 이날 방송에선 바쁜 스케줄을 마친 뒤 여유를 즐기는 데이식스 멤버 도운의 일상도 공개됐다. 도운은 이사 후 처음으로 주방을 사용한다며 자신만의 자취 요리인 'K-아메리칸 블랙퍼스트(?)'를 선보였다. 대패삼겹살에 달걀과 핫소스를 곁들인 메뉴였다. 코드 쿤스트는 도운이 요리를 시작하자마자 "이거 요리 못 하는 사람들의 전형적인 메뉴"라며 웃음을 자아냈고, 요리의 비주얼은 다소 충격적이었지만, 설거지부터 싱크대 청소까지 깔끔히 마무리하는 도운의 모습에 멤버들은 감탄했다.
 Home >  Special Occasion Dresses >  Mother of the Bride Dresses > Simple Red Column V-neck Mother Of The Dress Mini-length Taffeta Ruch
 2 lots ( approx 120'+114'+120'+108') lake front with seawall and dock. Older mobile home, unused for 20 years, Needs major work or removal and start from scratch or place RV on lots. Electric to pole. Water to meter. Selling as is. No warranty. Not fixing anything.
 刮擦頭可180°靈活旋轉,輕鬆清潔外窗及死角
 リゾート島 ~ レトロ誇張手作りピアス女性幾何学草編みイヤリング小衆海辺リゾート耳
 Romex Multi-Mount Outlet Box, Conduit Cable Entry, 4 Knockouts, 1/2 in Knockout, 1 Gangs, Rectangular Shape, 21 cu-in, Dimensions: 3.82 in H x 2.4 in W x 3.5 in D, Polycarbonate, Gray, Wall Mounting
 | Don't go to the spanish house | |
○ ○ ○ ○
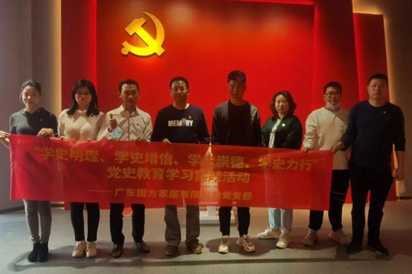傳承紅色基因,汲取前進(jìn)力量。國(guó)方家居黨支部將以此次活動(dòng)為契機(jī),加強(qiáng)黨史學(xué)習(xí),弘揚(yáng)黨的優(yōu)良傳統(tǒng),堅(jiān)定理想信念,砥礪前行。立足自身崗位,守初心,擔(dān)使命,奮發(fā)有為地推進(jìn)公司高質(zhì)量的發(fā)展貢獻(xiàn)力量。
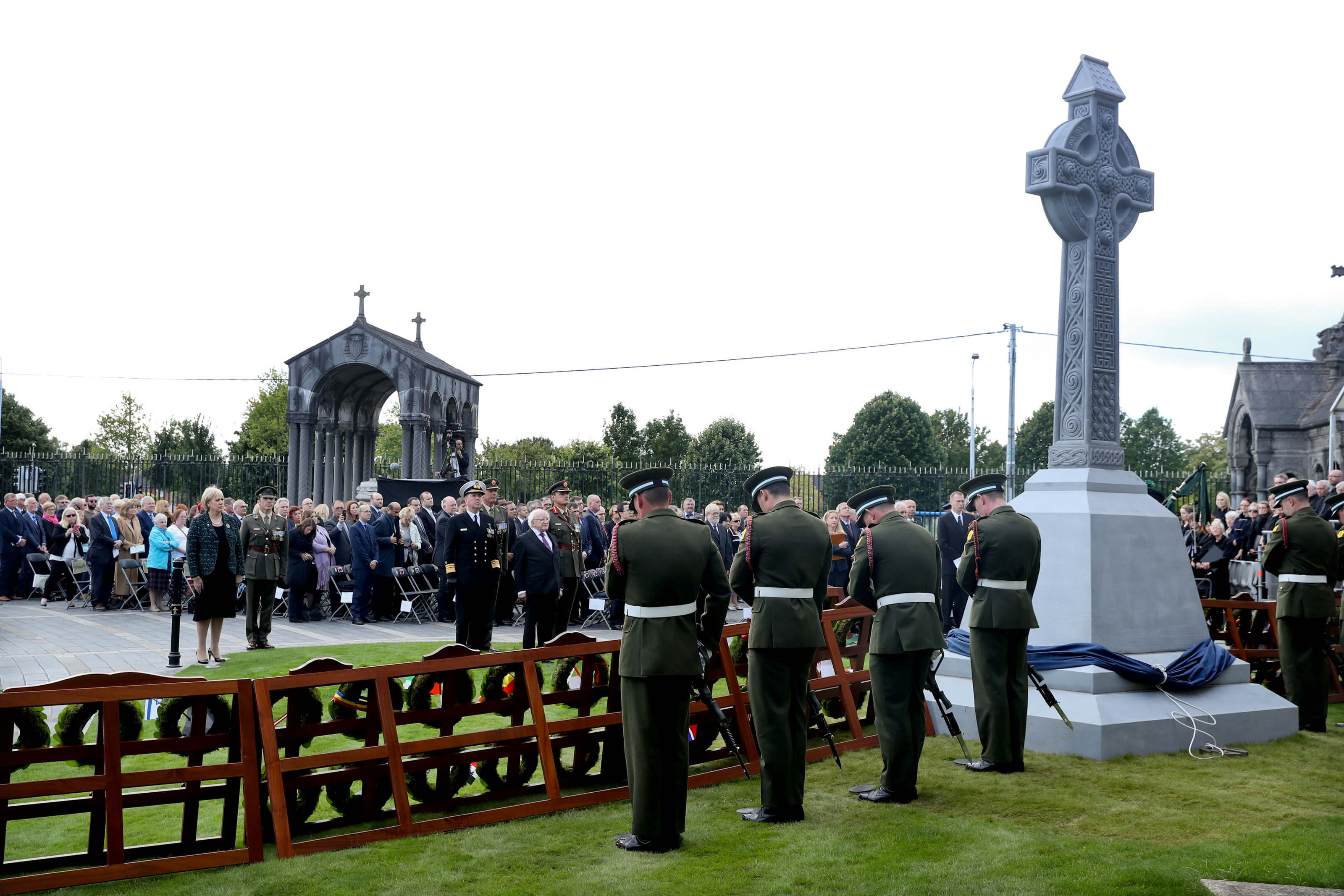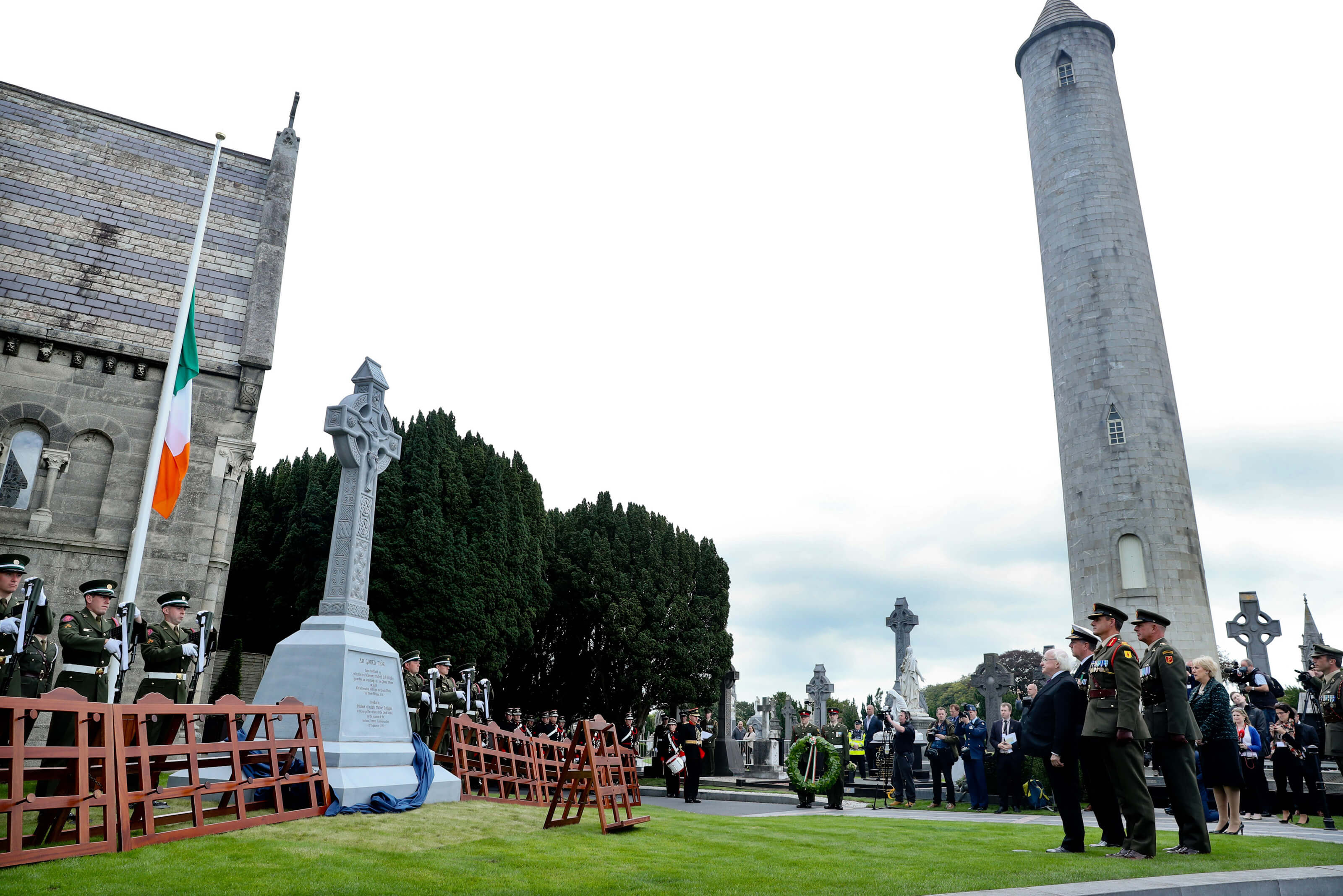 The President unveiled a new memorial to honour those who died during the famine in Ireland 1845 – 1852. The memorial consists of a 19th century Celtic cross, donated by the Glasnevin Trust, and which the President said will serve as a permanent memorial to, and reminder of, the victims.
○ ○ ○ ○
- **Work instructions**: In the listing above, find the line containing "刮擦頭可180°靈活旋轉,輕鬆清潔外窗及死角" and the line containing "spanish house | |". Output them and every line between, exactly, and nothing else.

- **Your response**:
 刮擦頭可180°靈活旋轉,輕鬆清潔外窗及死角
 リゾート島 ~ レトロ誇張手作りピアス女性幾何学草編みイヤリング小衆海辺リゾート耳
 Romex Multi-Mount Outlet Box, Conduit Cable Entry, 4 Knockouts, 1/2 in Knockout, 1 Gangs, Rectangular Shape, 21 cu-in, Dimensions: 3.82 in H x 2.4 in W x 3.5 in D, Polycarbonate, Gray, Wall Mounting
 | Don't go to the spanish house | |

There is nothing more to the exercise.